The problem: Each word in the data below should be copied exactly; the images should not.

Collected data:
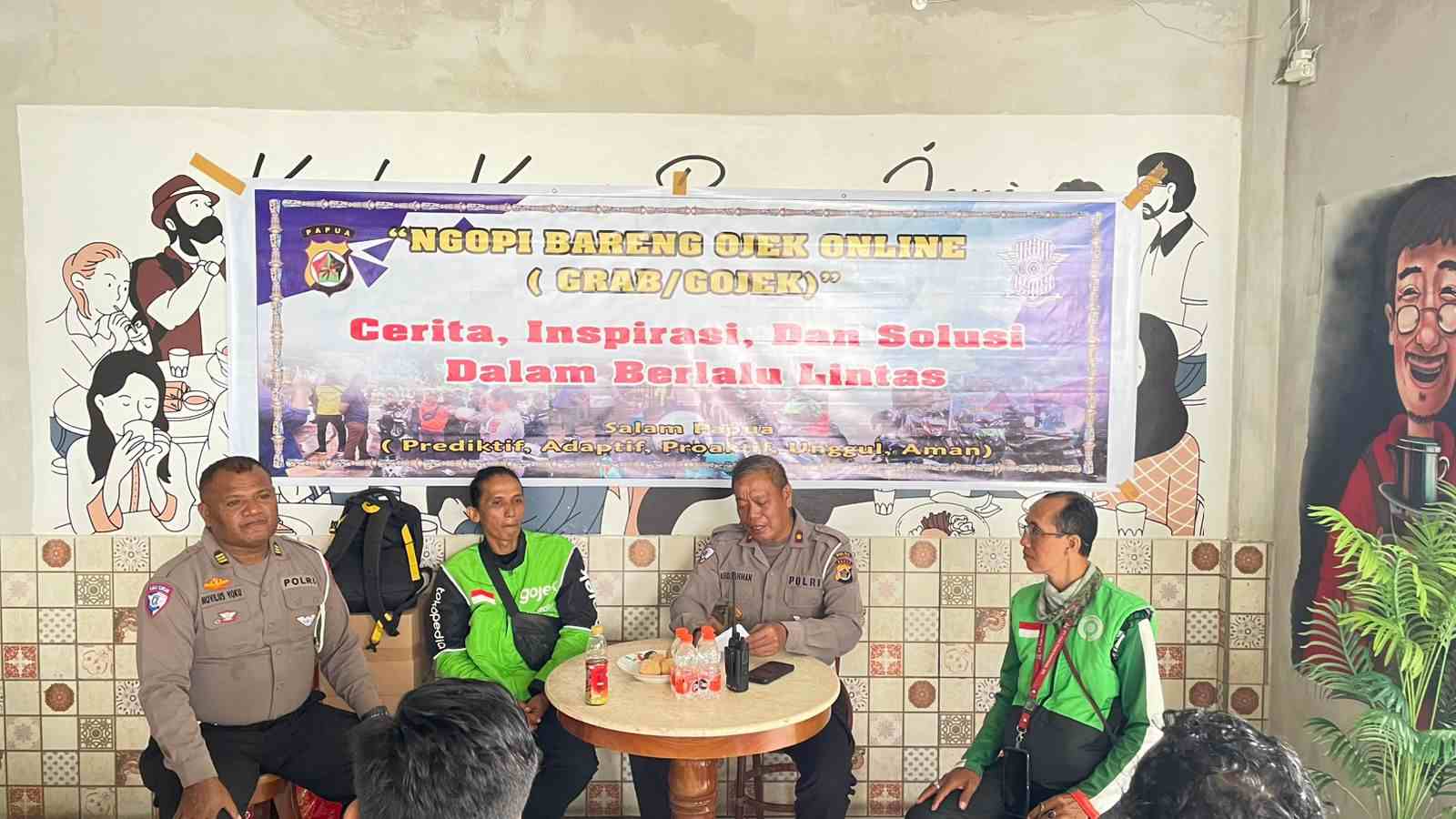 Jayapura, admediapapua. com – Unit Keamanan dan Keselamatan Satuan Lalu Lintas Polda Papua menggelar acara ngopi bareng bersama sejumlah driver ojek online (Greb dan Gojek) di sebuah kedai kopi, di kawasan ruko Dok II Kota Jayapura, Jumat(9/5/2025) Pagi.
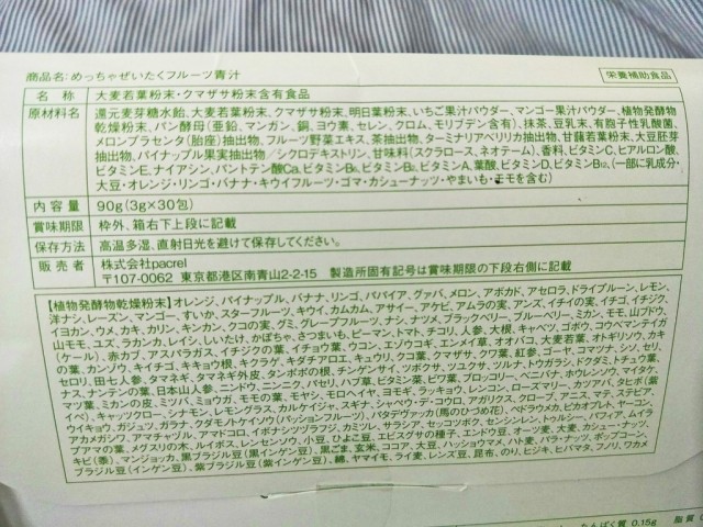 華麗纖果青汁裡面含有滿滿的由佳果+乳酸菌&豐富的美容成分: 胎盤素/ 玻尿酸/ 神經醯胺
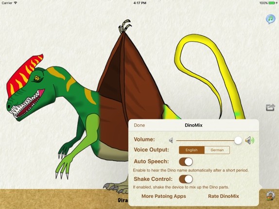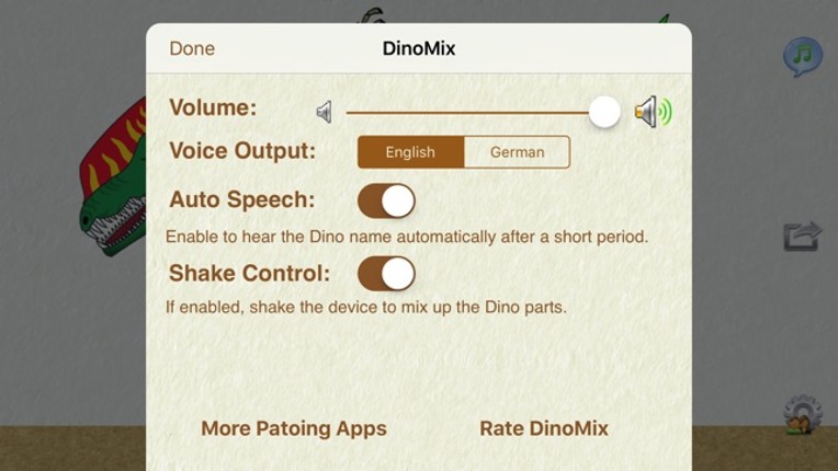 Mix up dinosaurs - Your kids will love it! Dinosaur lovers can create their favorite dino and have the new name spoken out aloud. 12 colorful dinosaurs are sliced up and can be assembled in over thousand new combinations. The scientific dinosaur name is displayed below the animal and spoken out aloud (your kids do not need to be able to read - yet) in English or German. Ideal for kids from 3 y… If you enjoyed this game, see our list of games similar to DinoMix.
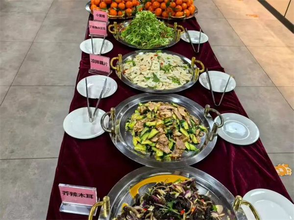 1.8米*0.6米的双层蛋糕,象征着迎来建院70年的喜悦,也代表着对甜蜜生活的祝福。同时,本次美食周共呈现了湖北、福建、广东、江浙等地的近50种地方美食,多种口味选择,传统与创新并存,为建院70周年增添了一份甜蜜!

The completed task:
 Jayapura, admediapapua. com – Unit Keamanan dan Keselamatan Satuan Lalu Lintas Polda Papua menggelar acara ngopi bareng bersama sejumlah driver ojek online (Greb dan Gojek) di sebuah kedai kopi, di kawasan ruko Dok II Kota Jayapura, Jumat(9/5/2025) Pagi.
 華麗纖果青汁裡面含有滿滿的由佳果+乳酸菌&豐富的美容成分: 胎盤素/ 玻尿酸/ 神經醯胺
 Mix up dinosaurs - Your kids will love it! Dinosaur lovers can create their favorite dino and have the new name spoken out aloud. 12 colorful dinosaurs are sliced up and can be assembled in over thousand new combinations. The scientific dinosaur name is displayed below the animal and spoken out aloud (your kids do not need to be able to read - yet) in English or German. Ideal for kids from 3 y… If you enjoyed this game, see our list of games similar to DinoMix.
 1.8米*0.6米的双层蛋糕,象征着迎来建院70年的喜悦,也代表着对甜蜜生活的祝福。同时,本次美食周共呈现了湖北、福建、广东、江浙等地的近50种地方美食,多种口味选择,传统与创新并存,为建院70周年增添了一份甜蜜!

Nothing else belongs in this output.